“La diagnosi precoce è stata la mia salvezza. Ho scoperto il tumore al seno alla prima mammografia, a 41 anni, quando non avevo alcun sintomo”
Mamma, moglie, Assessore alle Politiche Famigliari del Comune di Giavera del Montello e professionista, sconfigge il tumore al seno, prevenendolo. Francesca Varaschin è una donna impegnata e attiva che ha scelto di condividere la sua storia personale, di dolore e “rinascita”. All’età di 41 la diagnosi di tumore al seno, poi il percorso verso la guarigione, durato due anni, fino alla ricostruzione del seno e alla ripresa di una vita che lei definisce “non proprio normale come quella prima, perché questo è un cammino che lascia il segno, ma comunque una vita felice”. Un messaggio di speranza, perché, racconta Francesca, “dal tumore al seno si può guarire, anche grazie alla prevenzione”.

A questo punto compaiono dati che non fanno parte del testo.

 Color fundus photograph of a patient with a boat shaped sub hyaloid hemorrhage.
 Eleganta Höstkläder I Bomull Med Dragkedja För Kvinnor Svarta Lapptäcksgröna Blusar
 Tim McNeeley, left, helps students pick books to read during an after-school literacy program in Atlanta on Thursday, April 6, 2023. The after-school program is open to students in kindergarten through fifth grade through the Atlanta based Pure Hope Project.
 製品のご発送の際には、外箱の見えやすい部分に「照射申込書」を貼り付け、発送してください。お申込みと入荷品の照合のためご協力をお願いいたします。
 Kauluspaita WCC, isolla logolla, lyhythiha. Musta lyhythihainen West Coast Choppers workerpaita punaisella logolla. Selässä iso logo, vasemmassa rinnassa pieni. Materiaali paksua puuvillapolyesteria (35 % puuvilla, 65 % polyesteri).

Come ha scoperto di avere il tumore al seno?
Ho sempre pensato che amare sé stessi comprendesse anche il prendersi cura di sé, pertanto almeno una volta all’anno ho sempre fatto analisi del sangue, visita ginecologica…oltre al prestare attenzione ad eventuali segnali che il corpo manda ogni tanto.
Non ho avuto però nessun segnale fisico della mia malattia, l’ho scoperta alla mia prima mammografia, che ho prenotato perché alla radio ne avevo sentito parlare, senza avere nessun sintomo, nessun nodulo, nessun sospetto, mi sono detta “ho 41 anni, facciamo questo controllo, non ho nulla, cosa mai potranno trovarmi” e sono andata in un centro privato, perché il Sistema Sanitario Nazionale con difficoltà fa questo tipo di esami fuori dalla fascia d’età inclusa dallo screening se non si hanno sospetti, questo è stato l’investimento più importante della mia vita.

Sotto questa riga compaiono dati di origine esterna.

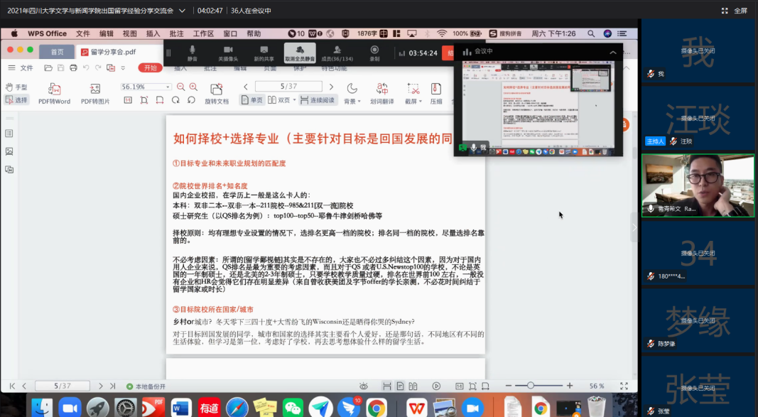 最后一位分享嘉宾是研究生就读于悉尼大学Master of Media Practice专业的蒋青希文同学。他重点介绍了如何安排大学四年的时间点和规划,从而为出国留学做准备为为同学们提供了案例借鉴。同时对出国留学后想要回国发展的同学提供了选择学校和专业的针对性建议。
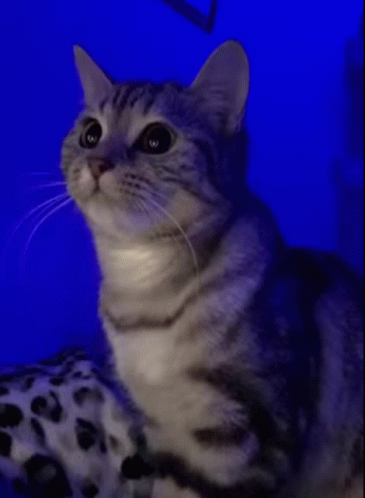 ຄຳອະທິບາຍເນື້ອຫາ: a cat is sitting in front of a blue background and looking up at the camera .
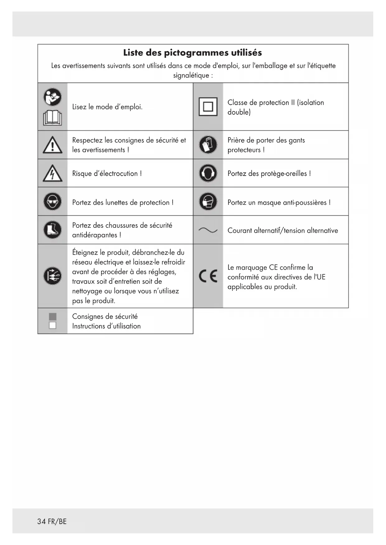 Éteignez le produit, débranchez-le du réseau électrique et laissez-le refroidir avant de procéder à des réglages, travaux soit d’entretien soit de nettoyage ou lorsque vous n’utilisez pas le produit. Le marquageCE confirme la conformité aux directives de l'UE applicables au produit. Consignes de sécurité Instructions d’utilisation35FR/BE GRIGNOTEUSE Introduction Félicitations pour l’achat de votre nouveau produit, ci-après dénommé uniquement «le produit». Vous avez choisi un produit de haute qualité. Le manuel d’utilisation fait partie intégrante de ce produit. Il contient des informations importantes sur le fonctionnement, la sécurité, l’utilisation et la mise au rebut. Avant d’utiliser le produit, familiarisez-vous avec le produit et toutes les notes de fonctionnement et de sécurité. À cet effet, lisez attentivement les instructions d’utilisation et les notes de sécurité suivantes. Utilisez uniquement le produit comme décrit et pour les applications indiquées. Conservez ce manuel en lieu sûr. Si vous remettez le produit à des tiers, tous les documents doivent également être remis. Utilisation conforme aux prescriptions Ce produit est adapté à la découpe de tôle d’acier et de tôle d’aluminium. Le produit n'est approuvé que pour un usage dans des locaux secs. Toute autre utilisation ou modification du produit est considérée comme non conforme et peut entraîner des risques tels que des dommages et blessures voire même provoquer la mort. Le fabricant ne peut être tenu responsable des dommages résultant d'une utilisation non conforme. Le produit est exclusivement destiné à un usage domestique. Le produit n'est pas prévu pour une utilisation commerciale ou tout autre domaine d'intervention dans le même champ d'action. Respectez toutes les consignes, normes et réglementations locales applicables en matière de sécurité. L'utilisation d'outils électriques bruyants peut ne pas être autorisée à certains moments de la journée par des réglementations nationales ou locales. Contenu de l'emballage
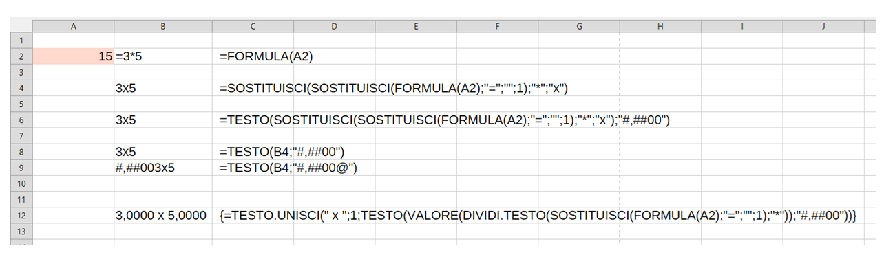 Le soluzioni funzionano correttamente, ma resta un elemento che credo sia difficile da aggirare: nella cella di calcolo scrivo “3,00 x 5,00” e nella cella di inserimento della formula viene restituito “3 x 5”, in quanto vengono rimossi gli zeri dopo la virgola. Ho provato a scrivere la formula nidificata in una formula TESTO con la relativa impostazione del formato, ma non cambia…

La scoperta poi della patologia, a seguito di microcalcificazioni evidenziate nel seno sinistro, è stata una doccia fredda, avevo appena una prima di seno, quindi ero convinta di avere anche poche probabilità di avere qualcosa, invece, dopo la biopsia chirurgica e la mastectomia, ho scoperto di avere quattro tipi di carcinoma diversi, alcuni infiltranti: arrivare alla diagnosi in fase precoce è stata la mia salvezza.

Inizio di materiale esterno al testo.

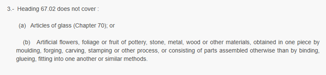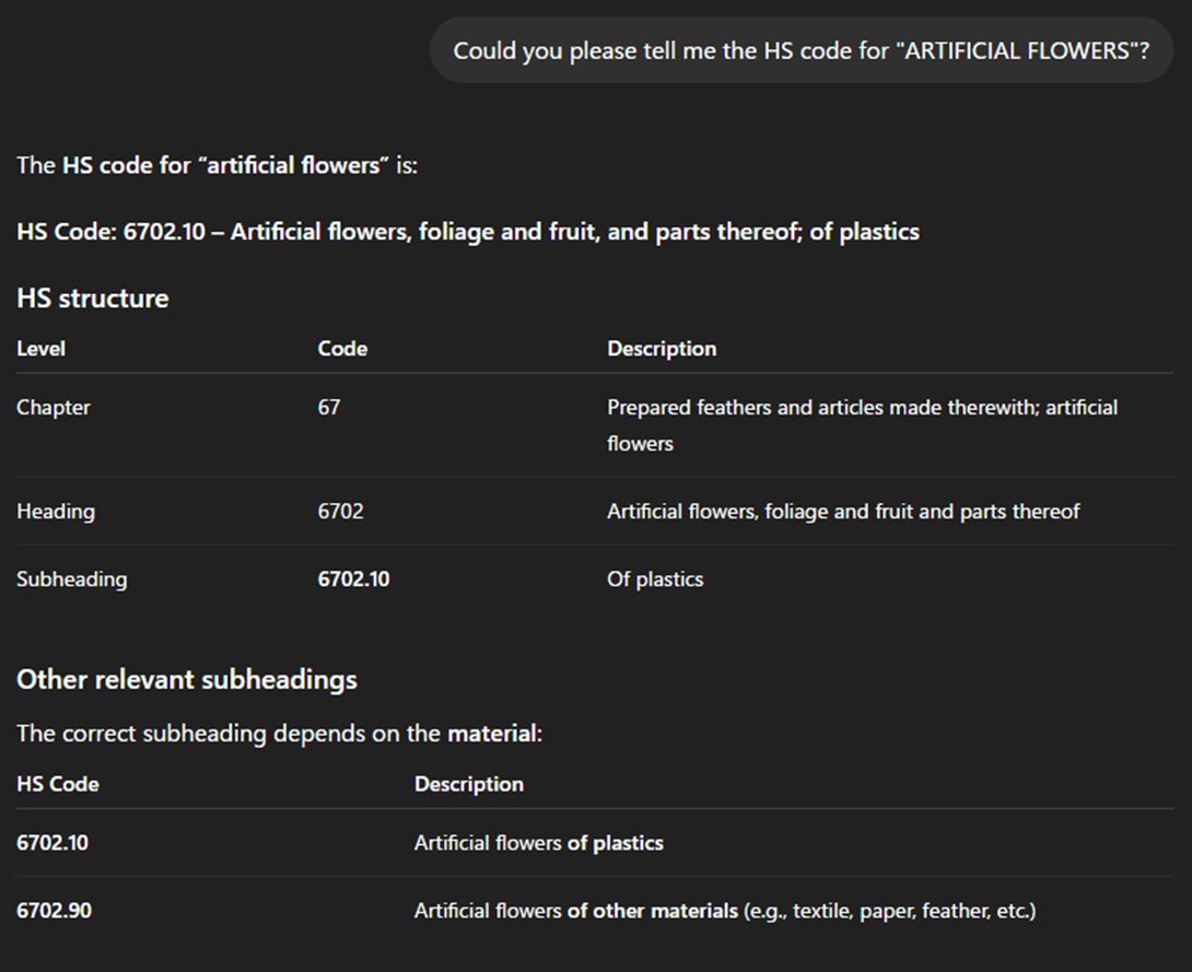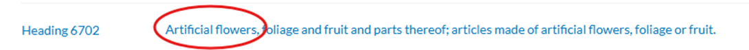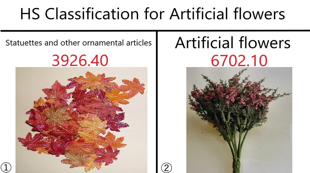 When classifying “ARTIFICIAL FLOWERS,” it appears as though searching by the product name will yield an immediate answer. If you let an AI or a similar tool handle the classification without careful thought, it will likely identify “ARTIFICIAL FLOWERS” under HS 6702 and conclude that this is a simple and correct solution.

Quale messaggio vuole diffondere alla comunità? Quanto conta la prevenzione anche per le donne giovani?
La prevenzione nelle giovani donne, dai 30 anni in poi,è assolutamente fondamentale, l’età media di insorgenza della malattia si abbassa sempre di più, senza voler entrare nel merito delle cause, quando posso parlo sempre di prevenzione, non per parlare della mia storia, perché ognuno ha la propria e la vive in modo diverso, ma per testimoniare cosa voglia veramente dire prevenire.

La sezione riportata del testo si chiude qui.